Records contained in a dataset
-- Opening Marker --
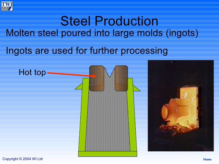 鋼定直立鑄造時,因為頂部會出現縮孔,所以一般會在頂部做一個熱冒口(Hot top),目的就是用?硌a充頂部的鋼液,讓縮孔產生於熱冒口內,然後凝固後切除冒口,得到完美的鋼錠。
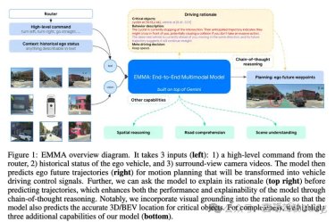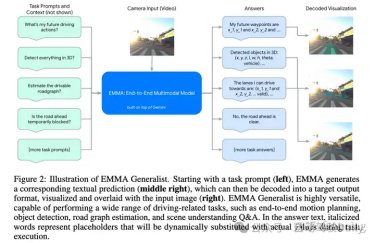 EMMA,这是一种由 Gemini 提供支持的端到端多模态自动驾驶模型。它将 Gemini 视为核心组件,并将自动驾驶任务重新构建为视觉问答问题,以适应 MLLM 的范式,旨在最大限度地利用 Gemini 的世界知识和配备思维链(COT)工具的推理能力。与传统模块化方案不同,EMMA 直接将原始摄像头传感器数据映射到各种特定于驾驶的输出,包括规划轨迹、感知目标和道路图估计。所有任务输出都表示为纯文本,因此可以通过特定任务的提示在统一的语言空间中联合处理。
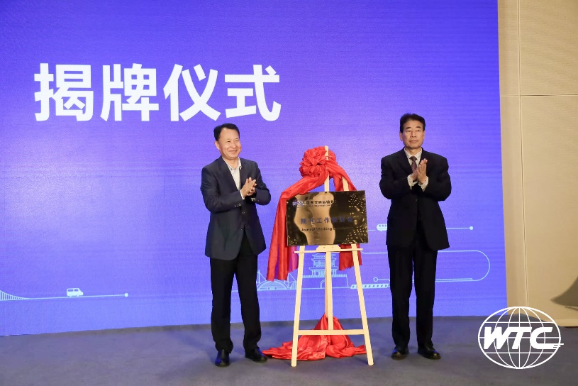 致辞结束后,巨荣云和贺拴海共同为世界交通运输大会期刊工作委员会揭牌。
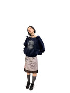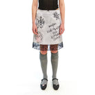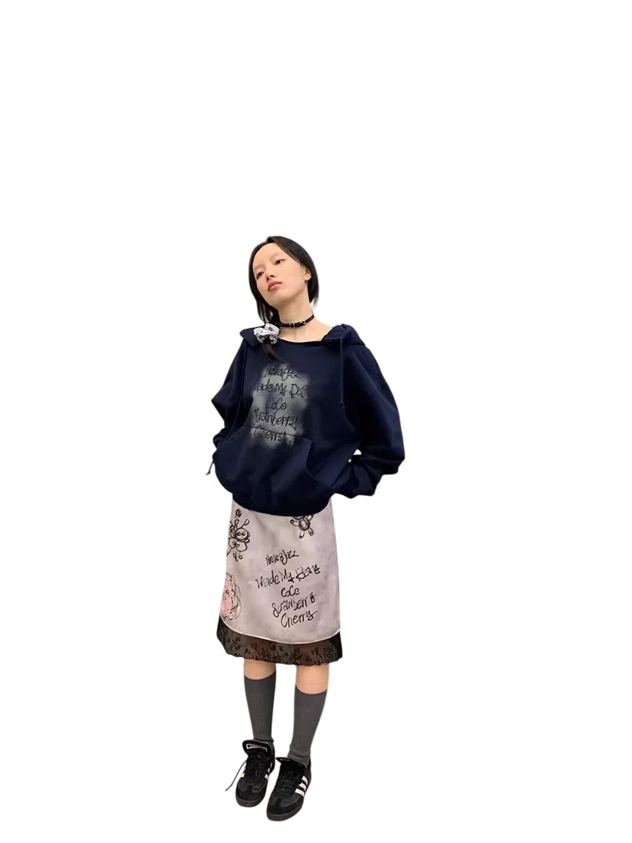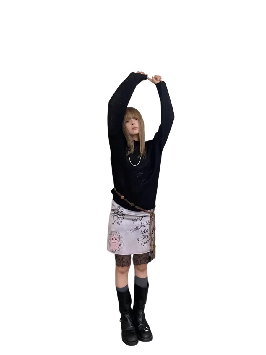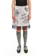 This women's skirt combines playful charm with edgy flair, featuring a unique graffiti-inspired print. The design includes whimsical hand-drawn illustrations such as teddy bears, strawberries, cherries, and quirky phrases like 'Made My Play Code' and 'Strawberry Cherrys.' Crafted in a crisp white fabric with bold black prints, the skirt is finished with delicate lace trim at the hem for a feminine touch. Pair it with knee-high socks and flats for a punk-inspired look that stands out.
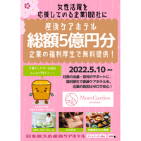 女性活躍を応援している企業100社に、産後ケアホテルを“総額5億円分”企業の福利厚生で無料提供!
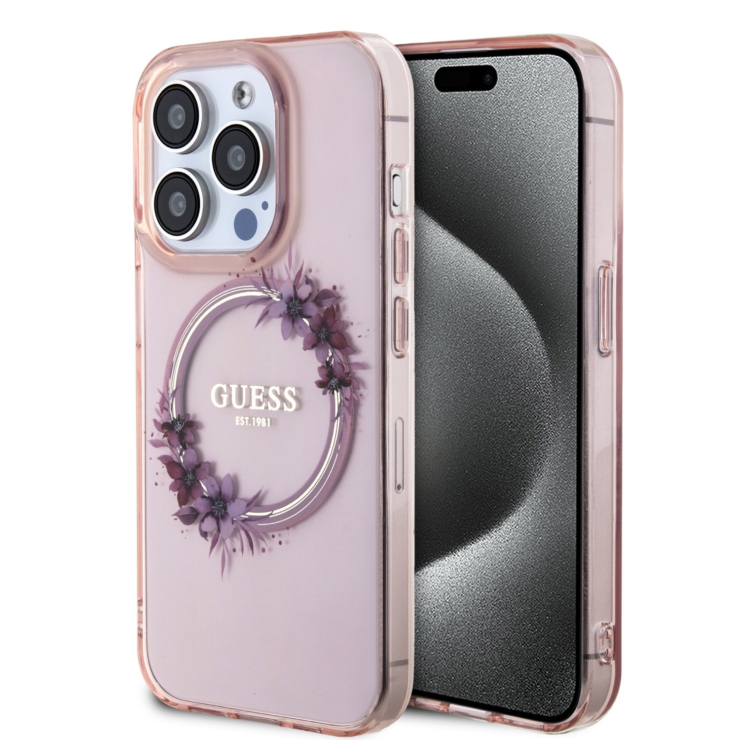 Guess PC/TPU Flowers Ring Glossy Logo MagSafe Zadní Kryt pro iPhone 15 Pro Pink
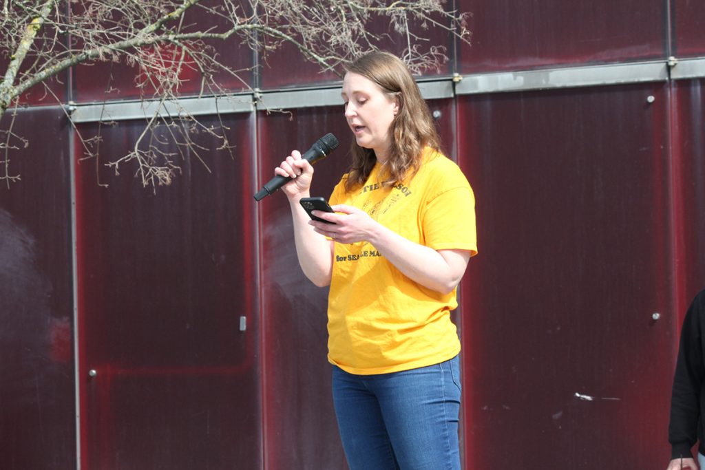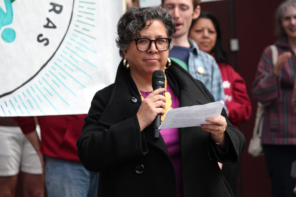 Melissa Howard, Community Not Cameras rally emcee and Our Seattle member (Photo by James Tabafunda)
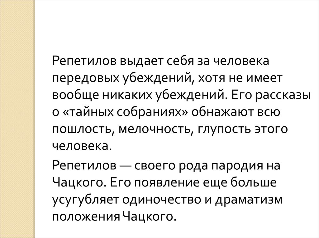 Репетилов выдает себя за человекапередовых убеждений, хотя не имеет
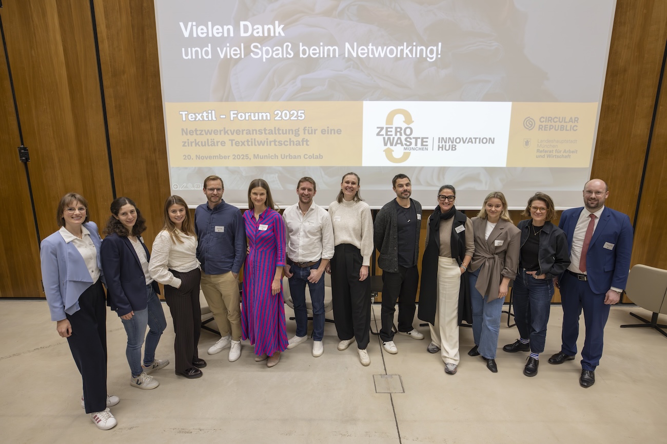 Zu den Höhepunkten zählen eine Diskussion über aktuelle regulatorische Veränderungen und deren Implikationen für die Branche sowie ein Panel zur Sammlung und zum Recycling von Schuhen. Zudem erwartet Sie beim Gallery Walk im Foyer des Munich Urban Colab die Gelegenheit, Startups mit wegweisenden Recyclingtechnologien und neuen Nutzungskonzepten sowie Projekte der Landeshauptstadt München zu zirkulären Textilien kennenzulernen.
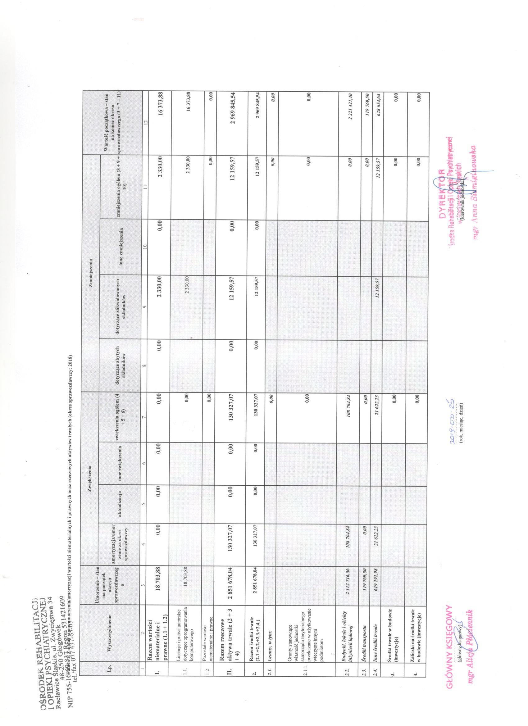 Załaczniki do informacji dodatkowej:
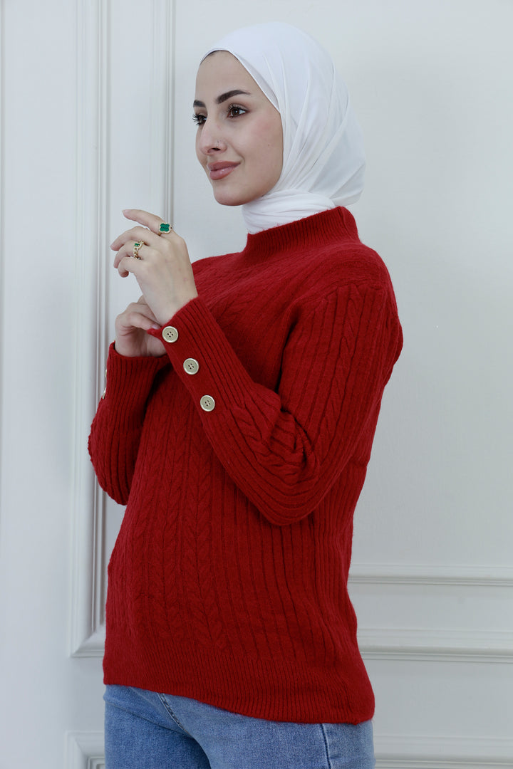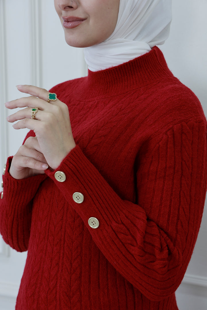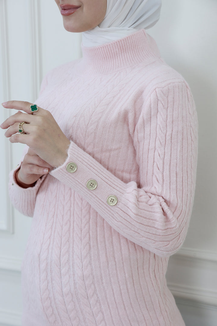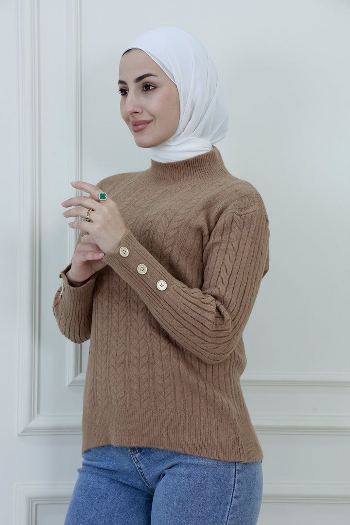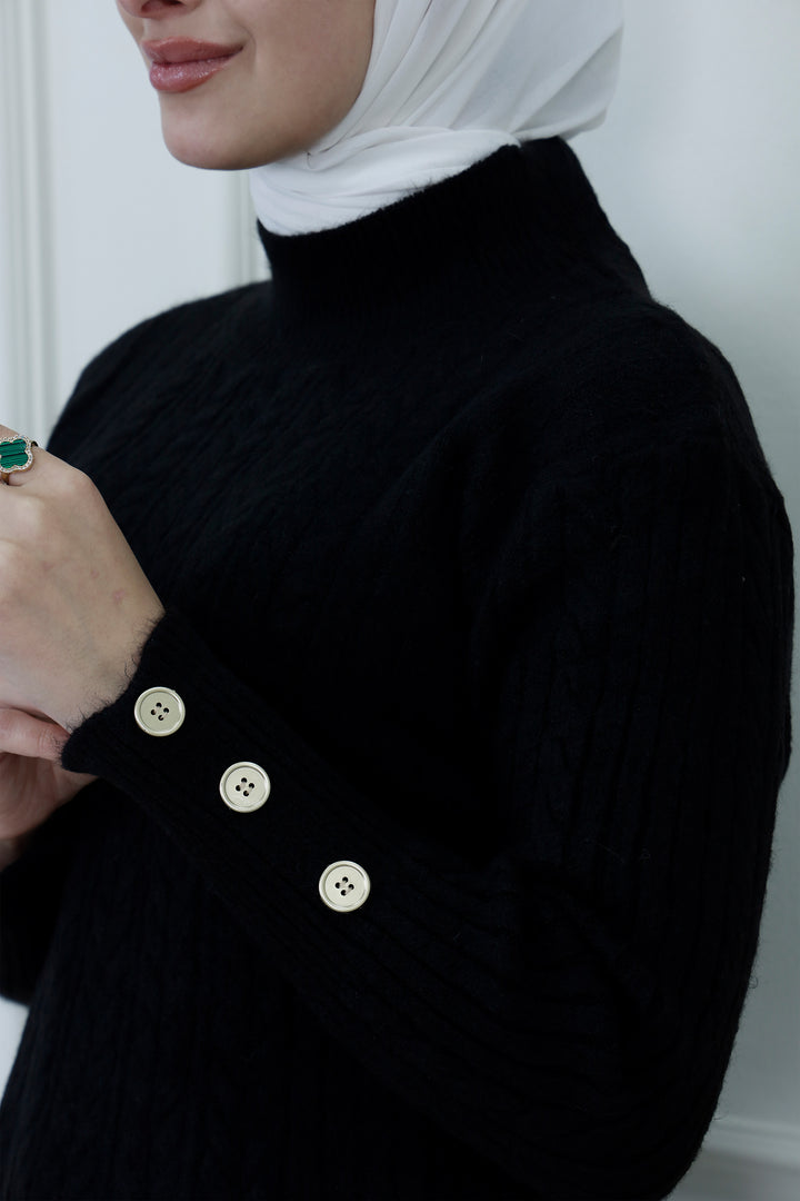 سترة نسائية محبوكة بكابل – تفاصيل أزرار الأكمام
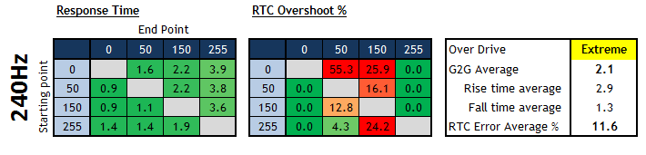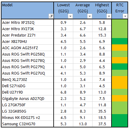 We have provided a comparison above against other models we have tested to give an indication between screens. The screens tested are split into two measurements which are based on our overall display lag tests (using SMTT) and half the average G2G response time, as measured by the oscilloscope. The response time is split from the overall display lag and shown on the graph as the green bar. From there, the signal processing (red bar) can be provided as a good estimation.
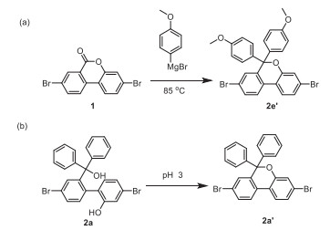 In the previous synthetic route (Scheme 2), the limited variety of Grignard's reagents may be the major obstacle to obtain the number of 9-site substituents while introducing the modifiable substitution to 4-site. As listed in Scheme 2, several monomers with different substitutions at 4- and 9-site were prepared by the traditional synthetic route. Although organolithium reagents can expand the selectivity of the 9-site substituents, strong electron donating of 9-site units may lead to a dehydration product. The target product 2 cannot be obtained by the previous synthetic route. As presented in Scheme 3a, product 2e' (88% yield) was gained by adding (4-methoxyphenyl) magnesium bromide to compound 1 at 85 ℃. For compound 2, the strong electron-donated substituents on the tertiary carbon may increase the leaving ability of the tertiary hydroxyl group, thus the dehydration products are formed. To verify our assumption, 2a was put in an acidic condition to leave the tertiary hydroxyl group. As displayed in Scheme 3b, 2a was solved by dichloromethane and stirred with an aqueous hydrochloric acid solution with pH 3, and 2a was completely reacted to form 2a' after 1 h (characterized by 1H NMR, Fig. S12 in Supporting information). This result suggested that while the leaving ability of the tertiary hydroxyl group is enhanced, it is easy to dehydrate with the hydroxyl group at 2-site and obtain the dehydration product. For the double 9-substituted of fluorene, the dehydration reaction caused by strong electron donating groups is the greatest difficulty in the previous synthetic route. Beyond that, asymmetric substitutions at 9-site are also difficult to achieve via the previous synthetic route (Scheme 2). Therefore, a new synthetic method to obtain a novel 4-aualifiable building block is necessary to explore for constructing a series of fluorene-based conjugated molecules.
-- Closing Marker --
_Exercise goal_
Full copy, no pictures: write out each line of the data exactly as it stands.

_Solution_
 鋼定直立鑄造時,因為頂部會出現縮孔,所以一般會在頂部做一個熱冒口(Hot top),目的就是用?硌a充頂部的鋼液,讓縮孔產生於熱冒口內,然後凝固後切除冒口,得到完美的鋼錠。
 EMMA,这是一种由 Gemini 提供支持的端到端多模态自动驾驶模型。它将 Gemini 视为核心组件,并将自动驾驶任务重新构建为视觉问答问题,以适应 MLLM 的范式,旨在最大限度地利用 Gemini 的世界知识和配备思维链(COT)工具的推理能力。与传统模块化方案不同,EMMA 直接将原始摄像头传感器数据映射到各种特定于驾驶的输出,包括规划轨迹、感知目标和道路图估计。所有任务输出都表示为纯文本,因此可以通过特定任务的提示在统一的语言空间中联合处理。
 致辞结束后,巨荣云和贺拴海共同为世界交通运输大会期刊工作委员会揭牌。
 This women's skirt combines playful charm with edgy flair, featuring a unique graffiti-inspired print. The design includes whimsical hand-drawn illustrations such as teddy bears, strawberries, cherries, and quirky phrases like 'Made My Play Code' and 'Strawberry Cherrys.' Crafted in a crisp white fabric with bold black prints, the skirt is finished with delicate lace trim at the hem for a feminine touch. Pair it with knee-high socks and flats for a punk-inspired look that stands out.
 女性活躍を応援している企業100社に、産後ケアホテルを“総額5億円分”企業の福利厚生で無料提供!
 Guess PC/TPU Flowers Ring Glossy Logo MagSafe Zadní Kryt pro iPhone 15 Pro Pink
 Melissa Howard, Community Not Cameras rally emcee and Our Seattle member (Photo by James Tabafunda)
 Репетилов выдает себя за человекапередовых убеждений, хотя не имеет
 Zu den Höhepunkten zählen eine Diskussion über aktuelle regulatorische Veränderungen und deren Implikationen für die Branche sowie ein Panel zur Sammlung und zum Recycling von Schuhen. Zudem erwartet Sie beim Gallery Walk im Foyer des Munich Urban Colab die Gelegenheit, Startups mit wegweisenden Recyclingtechnologien und neuen Nutzungskonzepten sowie Projekte der Landeshauptstadt München zu zirkulären Textilien kennenzulernen.
 Załaczniki do informacji dodatkowej:
 سترة نسائية محبوكة بكابل – تفاصيل أزرار الأكمام
 We have provided a comparison above against other models we have tested to give an indication between screens. The screens tested are split into two measurements which are based on our overall display lag tests (using SMTT) and half the average G2G response time, as measured by the oscilloscope. The response time is split from the overall display lag and shown on the graph as the green bar. From there, the signal processing (red bar) can be provided as a good estimation.
 In the previous synthetic route (Scheme 2), the limited variety of Grignard's reagents may be the major obstacle to obtain the number of 9-site substituents while introducing the modifiable substitution to 4-site. As listed in Scheme 2, several monomers with different substitutions at 4- and 9-site were prepared by the traditional synthetic route. Although organolithium reagents can expand the selectivity of the 9-site substituents, strong electron donating of 9-site units may lead to a dehydration product. The target product 2 cannot be obtained by the previous synthetic route. As presented in Scheme 3a, product 2e' (88% yield) was gained by adding (4-methoxyphenyl) magnesium bromide to compound 1 at 85 ℃. For compound 2, the strong electron-donated substituents on the tertiary carbon may increase the leaving ability of the tertiary hydroxyl group, thus the dehydration products are formed. To verify our assumption, 2a was put in an acidic condition to leave the tertiary hydroxyl group. As displayed in Scheme 3b, 2a was solved by dichloromethane and stirred with an aqueous hydrochloric acid solution with pH 3, and 2a was completely reacted to form 2a' after 1 h (characterized by 1H NMR, Fig. S12 in Supporting information). This result suggested that while the leaving ability of the tertiary hydroxyl group is enhanced, it is easy to dehydrate with the hydroxyl group at 2-site and obtain the dehydration product. For the double 9-substituted of fluorene, the dehydration reaction caused by strong electron donating groups is the greatest difficulty in the previous synthetic route. Beyond that, asymmetric substitutions at 9-site are also difficult to achieve via the previous synthetic route (Scheme 2). Therefore, a new synthetic method to obtain a novel 4-aualifiable building block is necessary to explore for constructing a series of fluorene-based conjugated molecules.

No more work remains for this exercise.